Brand loyalty starts at an early age. I was probably 9 years of age when my father brought home an Olympus light microscope he had bought from one of his grad students. In 1980 I was thirteen and on vacation in Hong Kong, when my father picked up the brand new compact Olympus XA 35mm film camera. I wish I still had the microscope but I still have the XA¹ and used it extensively for the next two decades.
In the 1960s, the Japanese Ministry of International Trade and Industry (MITI) was intent on reducing the number of competing Japanese companies so that one large company could benefit from economies of scale. At the time Japan had many small automobile and optical companies. Despite Olympus’ long corporate history, it was a small player and had to find and dominate a niche specialist market in order to stay independent.
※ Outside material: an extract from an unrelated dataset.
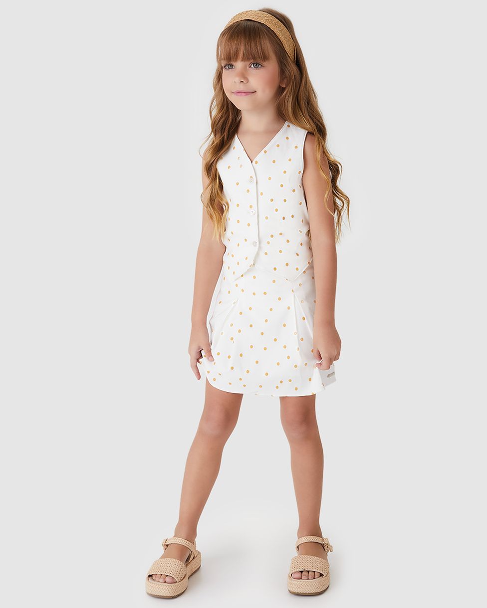 Vestido Menina Alfaiataria Estampa Poá Botões Frontais Bengaline - Carinhoso Off White - 10

Fortuitously they had just hired a young new designer named Yoshihisa Maitani who would blaze a four decade trail starting with the Pen F, the Trip 35 and then the OM-1: models which would brand the company as a maker of innovative, ergonomic and compact cameras with a supporting ecosystem of compact, optically excellent lenses.
The point of this exercise in nostalgia is to reacquaint ourselves with the compact XA and LT1 film cameras and what made Olympus a company at the end of the last century, and where it needs to go moving forward. And if these two cameras are still relevant in the digital age or just interesting museum pieces.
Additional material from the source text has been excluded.